> [DATASET EXCERPTS]:
++++++++++
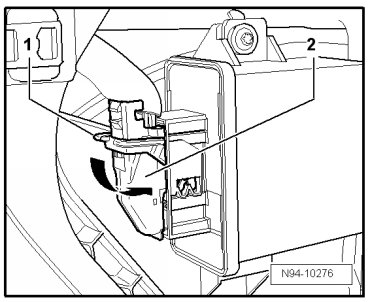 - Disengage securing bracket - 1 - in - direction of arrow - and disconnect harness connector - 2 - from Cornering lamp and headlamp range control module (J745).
++++++++++
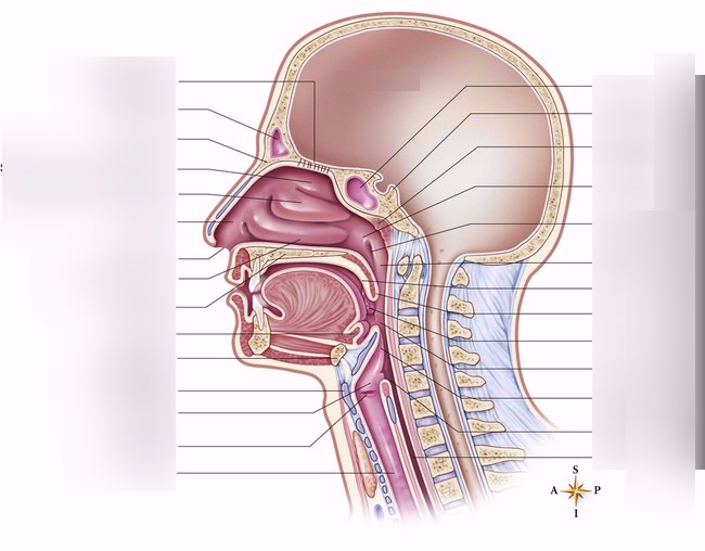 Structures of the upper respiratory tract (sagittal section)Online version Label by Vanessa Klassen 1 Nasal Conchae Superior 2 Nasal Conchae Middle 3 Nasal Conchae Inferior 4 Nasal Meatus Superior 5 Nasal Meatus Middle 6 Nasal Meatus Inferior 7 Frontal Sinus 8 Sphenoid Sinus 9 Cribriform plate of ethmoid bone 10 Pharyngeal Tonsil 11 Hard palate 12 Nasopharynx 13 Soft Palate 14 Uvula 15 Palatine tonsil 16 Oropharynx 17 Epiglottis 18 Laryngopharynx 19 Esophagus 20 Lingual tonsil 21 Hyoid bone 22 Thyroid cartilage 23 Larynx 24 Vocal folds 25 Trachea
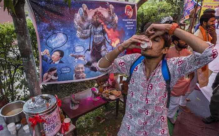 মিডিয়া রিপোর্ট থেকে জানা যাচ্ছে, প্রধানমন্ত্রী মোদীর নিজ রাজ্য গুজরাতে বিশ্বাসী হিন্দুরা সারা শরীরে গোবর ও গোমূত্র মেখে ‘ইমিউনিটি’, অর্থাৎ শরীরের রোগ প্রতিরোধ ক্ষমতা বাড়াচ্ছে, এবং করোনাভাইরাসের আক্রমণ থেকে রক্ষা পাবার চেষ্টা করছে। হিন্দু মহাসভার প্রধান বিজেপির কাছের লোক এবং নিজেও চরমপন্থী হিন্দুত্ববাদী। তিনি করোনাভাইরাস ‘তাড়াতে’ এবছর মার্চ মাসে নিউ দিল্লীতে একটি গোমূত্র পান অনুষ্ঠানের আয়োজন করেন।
++++++++++
> [TASK ITEM]:
What is wanted is an exact copy of the lines above from the one containing "Structures of the" through the one containing "মিডিয়া রিপোর্ট থেকে", with no pictures in it.

> [EXERCISE OUTPUT]:
 Structures of the upper respiratory tract (sagittal section)Online version Label by Vanessa Klassen 1 Nasal Conchae Superior 2 Nasal Conchae Middle 3 Nasal Conchae Inferior 4 Nasal Meatus Superior 5 Nasal Meatus Middle 6 Nasal Meatus Inferior 7 Frontal Sinus 8 Sphenoid Sinus 9 Cribriform plate of ethmoid bone 10 Pharyngeal Tonsil 11 Hard palate 12 Nasopharynx 13 Soft Palate 14 Uvula 15 Palatine tonsil 16 Oropharynx 17 Epiglottis 18 Laryngopharynx 19 Esophagus 20 Lingual tonsil 21 Hyoid bone 22 Thyroid cartilage 23 Larynx 24 Vocal folds 25 Trachea
 মিডিয়া রিপোর্ট থেকে জানা যাচ্ছে, প্রধানমন্ত্রী মোদীর নিজ রাজ্য গুজরাতে বিশ্বাসী হিন্দুরা সারা শরীরে গোবর ও গোমূত্র মেখে ‘ইমিউনিটি’, অর্থাৎ শরীরের রোগ প্রতিরোধ ক্ষমতা বাড়াচ্ছে, এবং করোনাভাইরাসের আক্রমণ থেকে রক্ষা পাবার চেষ্টা করছে। হিন্দু মহাসভার প্রধান বিজেপির কাছের লোক এবং নিজেও চরমপন্থী হিন্দুত্ববাদী। তিনি করোনাভাইরাস ‘তাড়াতে’ এবছর মার্চ মাসে নিউ দিল্লীতে একটি গোমূত্র পান অনুষ্ঠানের আয়োজন করেন।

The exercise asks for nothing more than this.